Exploring {kuzco}: Making Computer Vision for R Easily Accessible

Frank Hull is a director of data science & analytics, leading a data science team in the energy sector, an open source contributor, and a developer of {kuzco}, an R package that reimagines how image classification and computer vision can be approached using large language models (LLMs). With a passion for building tools that make advanced technology accessible to non-specialists, Frank has also contributed to the R ecosystem through multiple projects, and actively maintains his work on GitHub and his personal site.

In this interview, we explore the ideas behind {kuzco}, its use of LLMs, and how it differs from conventional deep learning frameworks like {keras} and {torch} in R. {kuzco} is open source and Frank states in the interview that the project is actively looking for contributions, both technical and non-technical. Feel free to contact him directly (frankiethull@proton.me for open source connections) to ask questions and find out more.

1. What problem does {kuzco} solve that existing R tools like {keras} or {torch} don’t?

{keras} and {torch} are fantastic tools, but they’re still rooted in the deep learning mindset.
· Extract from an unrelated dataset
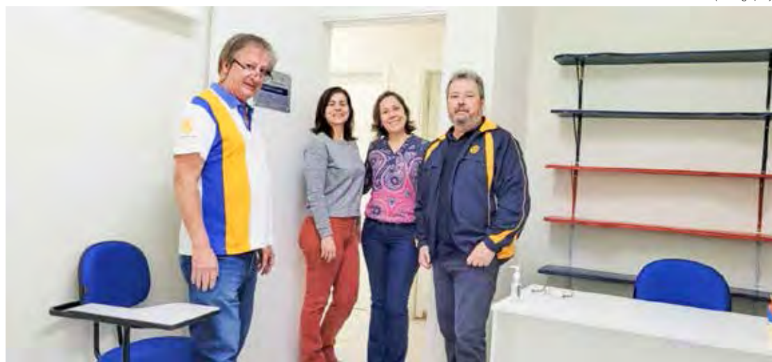
Uma nova sala foi criada na sede do GACC e deve atender em torno de 150 pessoas entre pacientes e suas famílias

As famílias também serão favorecidas com aulas individuais de reforço escolar para os irmãos, aumentando o espectro de atendimento. Direta e indiretamente serão beneficiadas em torno de 150 pessoas.

Essentially, they’re designed to make TensorFlow and PyTorch more accessible—but they still expect you to think like a machine learning engineer.

When you’re doing computer vision with these frameworks, you’re either building a model from scratch or adapting a pre-trained model by converting your image to a tensor and fitting it into that mold.

With {kuzco}, I wanted to break out of that paradigm entirely. This isn’t about training models or tuning hyperparameters. {kuzco} is for people—technical or not—who want to understand an image, not build a deep learning pipeline. Maybe your boss wants to drop in an image and ask a question about the image without writing code. That’s the power of combining LLMs with a simple interface.

The goal is to citizenize computer vision—turn it into something that’s driven by prompts and natural language instead of tensors and training loops.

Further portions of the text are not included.